Building a Linux-based femtocell base station using software performance engineering: Part 2 - Embedded.com

Building a Linux-based femtocell base station using software performance engineering: Part 2

Historically, embedded systems implement separate specifications for hardware and software. Hardware partitioning and definition of offload components is done based on mostly inaccurate inputs, on a timeline that is different from that associated with the software design. Hardware specifications need to be available a priori to the silicon design, whereas software work is only started after device (or simulator) availability. Such timelines prohibit extensive re-design of hardware based on software findings, often leading to sub-optimal overall system design and time-to-market.

In the case of a tightly constrained system (due to cost and power consumption) such as the Linux fast-path femtocell design described in Part 1 in this series, concurrent hardware/software design is obviously preferred, and such a system is made possible by the well-defined nature of the end system, a WCDMA/LTE base station operation with known properties. A tailored Software Performance Engineering (SPE) process was used for the performance evaluation activity. In this process, performance calculators are used to model the important performance use cases for the application.

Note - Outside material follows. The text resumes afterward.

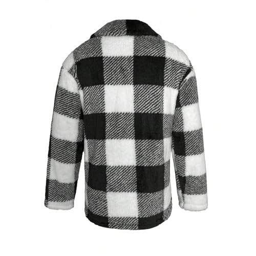 Mens Flannel Shirts Flip Collar Fleece Button Down Long Sleeve Plaid Shirt with Pockets Jackets Warm Winter Coat 6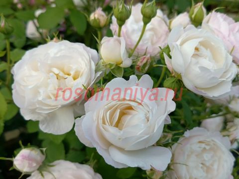 Кремовые, с розово-фиолетовыми полосами бутоны раскрываются в прелестные, густо-махровые, кремовые цветки с розовыми тенями по краям. Ароматные цветки собраны в изящные кисти, особенно красиво выделяющиеся на фоне здоровых тёмных матовых листьев. Количество шипов умеренное, побеги прямые, хорошо разветвлённые, образуют красивый куст.

Modeling is a significant aspect of SPE. Some of the performance modeling best practices include using performance scenarios to evaluate software architecture and design alternatives before be.g.inning the software coding and implementation phase. SPE starts with the development and analysis of the simplest model that identifies problems with the system architecture, design, or implementation plans. Details are added as more and more details of the software become apparent.
In the case of the design described in Part 1, as a first step the use case is broken down by its key components for the case of LTE (Figure 11 ), based on the associated protocol stacks that are being implemented (integrated eNB):

Figure 11: LTE components and associated protocol stacks

In this example, from analysis of the protocol stack the following key performance impacting components were defined:

  • RLC/MAC
  • Scheduler
  • PDCP/GTP
  • Transport (UDP, IP, IPSec, QoS, Ethernet)
  • RRC/Control plane
  • Miscellaneous (e.g. OS overhead)

Pre-silicon modeling targets two goals:

  • Definition of SoC architecture with regard to hardware sizing, for example core, cache, bus frequencies, DDR controller configuration, etc.
  • Definition of per-component cycle counts that allow for budgeting of resources to software blocks

SoC level modeling
SoC level modeling focuses on architecture exploration modeling of the L1 and L2 domains of the SoC. From a L2/transport perspective, the modeling focuses on the e500v2 Core Complex, Frontside L2 Cache, the coherency manager, DDR queue and controller. Specifically, how DDR traffic from other initiators affects, and is affected by, DDR traffic from the e500v2 Core Complex.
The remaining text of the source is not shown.